Our Tennessee River is formed by the confluence of the French Broad and the Holston Rivers just north of Knoxville and Island Home airport. The headwaters of the French Broad are in Asheville, North Carolina. The river then flows westward through the Cherokee National Forest and Douglas Lake. The Holston River flows southwest from the Tri-Cities and forms Cherokee Lake before arriving at the “fork.” The Google pic shows the creation of our Tennessee River.
I’m fascinated by rivers which in times past were the principle vascular networks of civilization. Even today rivers are made and kept navigable by damming, locks and dredging. A careful study of the picture includes barges being loaded at docks on the Holston just north of the Forks. Barges can carry heavy loads even more efficiently than railroads, and in times past there weren’t paved highways and eighteen wheelers.
Since humans are water creatures we’ve always sought water for life and even waste disposal. I remember how we once installed gutters and water collection tanks under downspouts in the mountains of Guatemala. We tried to educate the people that drinking water from the river used by others upstream was dangerous. Unfortunately, even the otherwise “magical Yankee doctors” had trouble overcoming traditional ways of life.
Most Americans have a basic understanding of circulating blood pumped by the heart. Food, oxygen and water are delivered through a vast system of large blood vessels supplying ever smaller conduits. It’s interesting that rivers coalesce from smaller tributaries, whereas the arterial systems flow from larger vessels to the smallest vessels called capillaries. These form a mesh network where oxygen is released and molecules of carbohydrates, proteins and fats diffuse through vascular walls to nurture surrounding cells of the body.
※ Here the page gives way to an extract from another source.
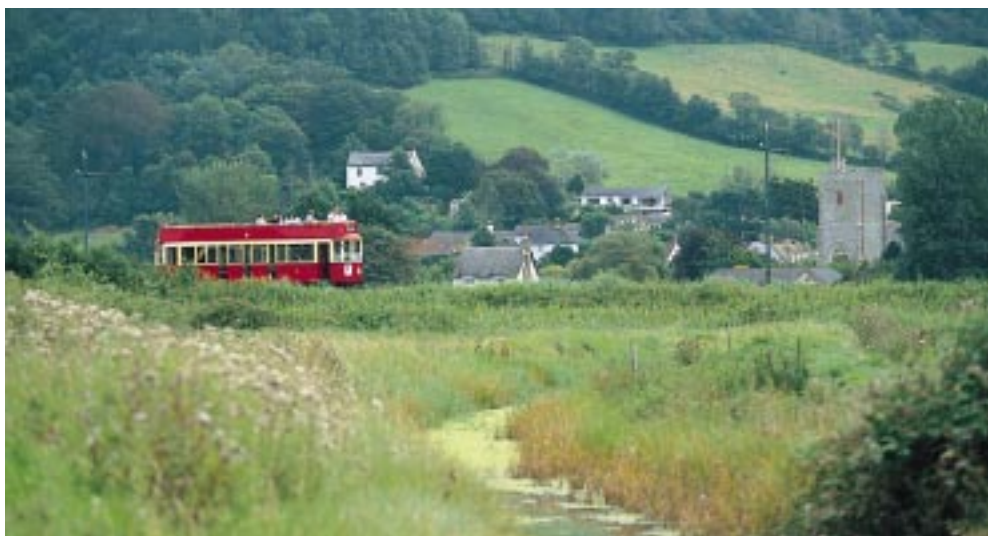
The five-kilometre Seaton Tramway is a fantastic way of watching the birds in places like Seaton Marshes LNR.

might require, and provide help on how to commence the declaration process.

Like rivers, blood collects cellular waste such as carbon dioxide and urea on the venous side of the capillary system. These then coalesce into ever larger veins, such as the veins on the back of your hand. Finally, the large pulmonary veins carry blood through the lungs to exchange carbon dioxide for oxygen. Waste urea is recycled by the liver or excreted by the kidneys on the arterial side of the closed circulatory system.
The earth is another closed system, though powered by the sun. Heat causes evaporation of water which then condenses in clouds and subsequently falls as rain. The runoff flows into rivers that provide a habitat for life before running to the sea and forming a vast habitat for life.
Ancient philosophies spoke of the cycle of life in terms of a wheel which had no beginning or end. Civilizations rose and fell. Men lived and died. The writer of Ecclesiastes once said, “What has been will be again, what has been done will be done again; there is nothing new under the sun.”
But the purportedly smartest man who has ever lived was wrong. Jesus Christ brought living water to the earth and broke the wheel of life; and the world has never been the same.